Data Science as a discipline has seen the kind of evolution that only few others have. What started as a combination of applied statistics and computer science has enabled powerful data-driven decision making and predictions to solve real world problems. To illustrate this further, think of all the complex Data Warehousing and Business Intelligence solutions companies use to mine data and analyze and visualize results for decision-makers. With time, the size and number of data sets increased, complexities grew, and practitioners shifted to Big Data and Machine Learning.
Today, we see Business Intelligence (BI) and Machine Learning (ML) coexist as functions across data-driven organizations. However, although the end goal of each function is to provide users with actionable inputs for decision-making with their data, their end-consumers, implementation complexity, and design practices are remarkably different. Furthermore, each function comes with its own set of challenges:
BI tools can only handle a limited amount of complexity and size of datasets. Their scope is limited when it comes to providing solutions to use cases with increasing degrees of complexity, primarily focused on decision making (e.g., credit risk, benchmarking, recommendations, RFM).
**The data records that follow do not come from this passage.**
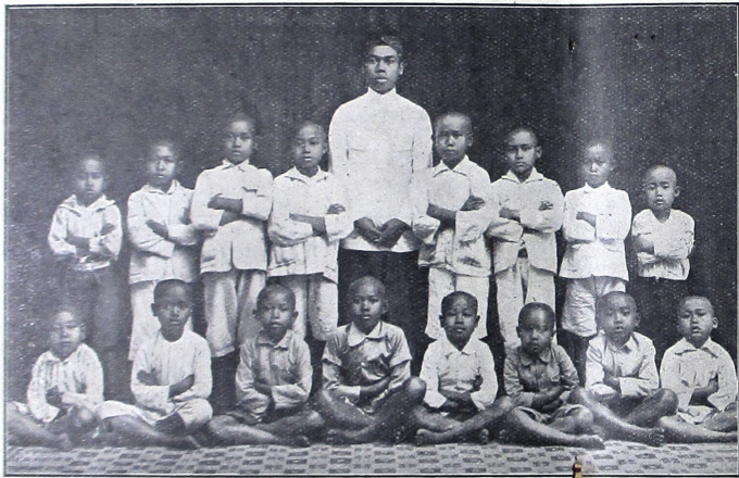
|| ආයතනික වාදන මණ්ඩලය || ඉන්දියානු Ind. Arts මණ්ඩලය ||
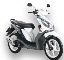
SAGUHATI x30 Honda Icon
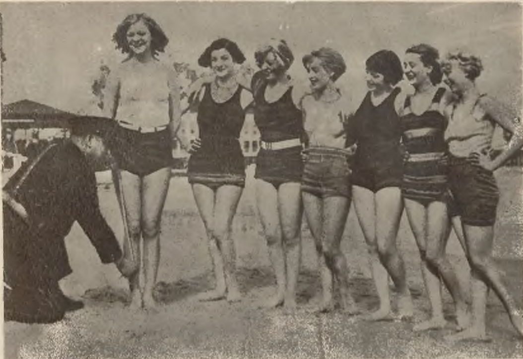
Amerykańska moralność. Oficer policji mierzy kąpiącym się w Atlantic City „girls“ kostjomy, czy nie są — niewiadomo — czy za krótkie czy za długie.
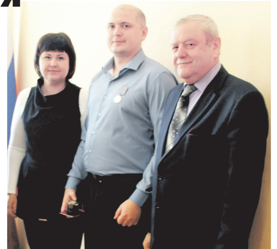
Вручение медалей участникам военных событий в Сирии

Каждый новый день ставит новые задачи, появляются новые проблемы, но мы не собираемся останавливаться на достигнутом. На текущий 2019 год нас намечены планы по актуальным для нашего округа вопросам: – завершение капитального ремонта Дворца культуры городского округа Навашинский; – благоустройство территорий в рамках федерального проекта «Формирование комфортной городской среды»; – ремонт дорог и тротуаров; – разработка проектно-сметной документации на строительство ново-
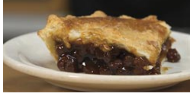
Tarte à la ferlouche.

Je vous entends. Vous allez m'écrire me précisant qu'on nommait cette tarte dans votre famille : ferlouche, faisant allusion au fer dans la mélasse, farlouche et même forlouche. Vous avez raison. Ce mélange de sucre épaissi d'un féculent et dans lequel on ajoute différents ingrédients est connu sous plusieurs noms. La cassonade a remplacé la mélasse; les raisins ont été remplacés par une variété de noix et de fruits et l'abaisse complète de pâte du dessus, par des bandes entrecroisées. Aujourd'hui, selon certains pâtisseries et pâtisseries, elle est plus populaire durant la période des Fêtes.
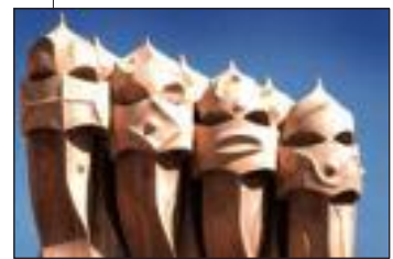
Chimeneas de La Pedrera, de Gaudí (Barcelona)
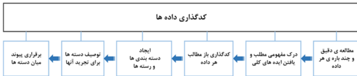
تصویر ۱. کنش های مرحله کدگذاری داده های کیفی. مأخذ: نوروز برازجانی، ۱۳۹۷، ۲۶۲.
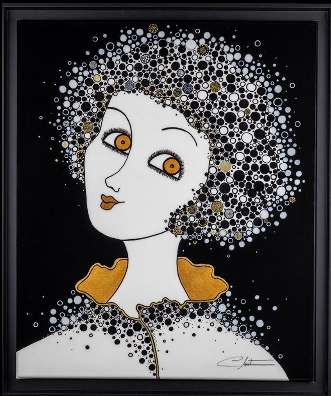
Apoline / 65 x 54 cm/ Acrylique laqué
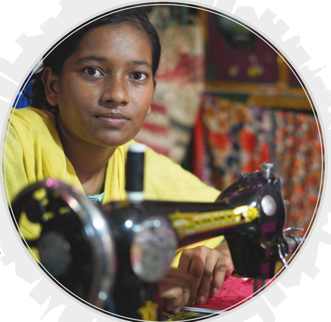
Жижиг бизнес эрхлэгч залуу эмэгтэй, Хулна, Бангладеш.
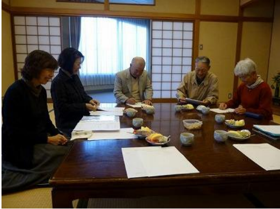
紙芝居作成委員会
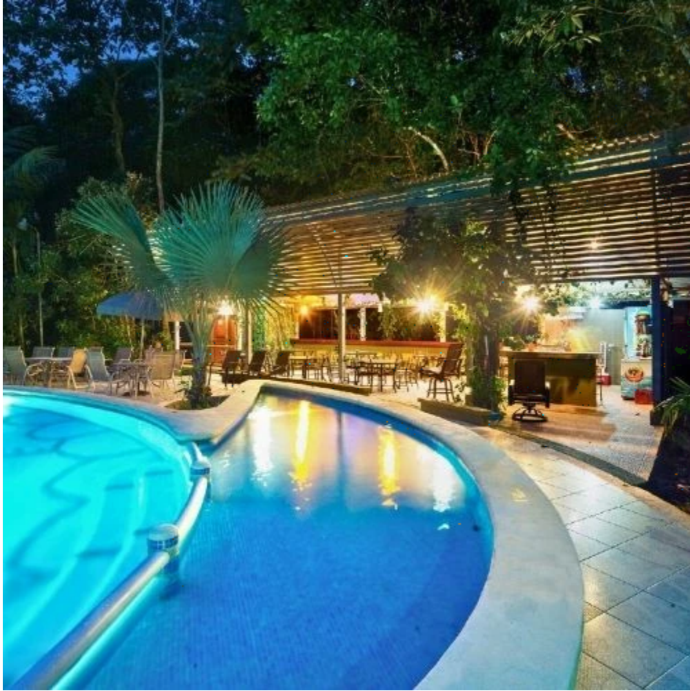
Piscine de l'hôtel Evergreen à Tortuguero
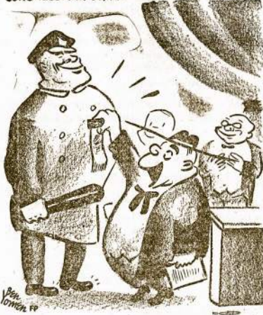
FOR OUTSTANDING HEROISM ON THE PICKET LINE.
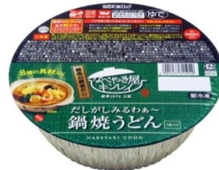
だしがしみるわあ～ 鍋焼うどん
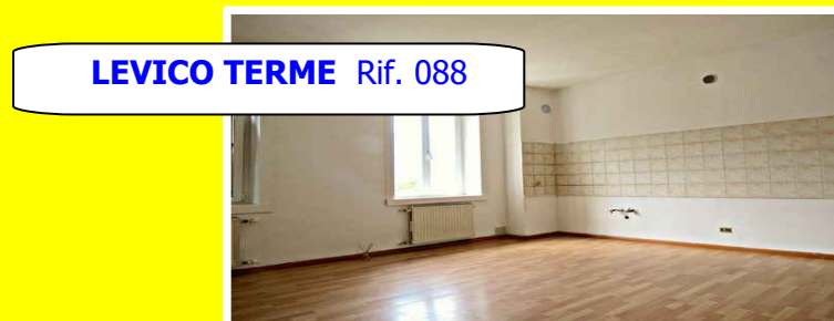
LEVICO TERME Rif. 088

Su piccola palazzina posta in posizione centrale, appartamento di 90 mq al secondo piano. Con ingresso, soggiorno, cucina a vista, tre camere da letto, bagno e cantina. Termoautonomo a metano. Parzialmente da rimodernare.
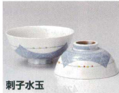
刺子水玉 425-3-714 大平 640円 13.2×6.1cm 44724711 425-4-714 中平 550円 11.8×5.4cm 44723711
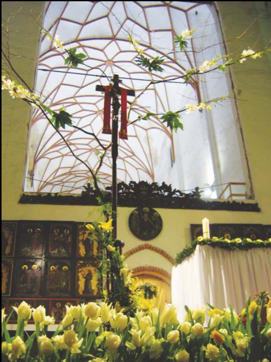
Paschalne świętowanie ...
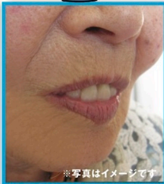
ピンと若々しい印象 ※写真はイメージです

ML engineers and data scientists are expected to solve the challenge of decision-making. But, due to the lack of bandwidth (and unavailability of data science talent, not to mention the lack of prepared datasets taking up over 80% of the time), these use cases are often put on the backburner.
These challenges result in a backlog of questions, data scientists’ fatigue, and business stakeholders’ reluctance to adapt to a technological change. Although both ML and BI, which are on opposite ends of the spectrum, can orchestrate incredible gains, they can also be highly inefficient. The question becomes – is there a solution to overcome these inefficiencies?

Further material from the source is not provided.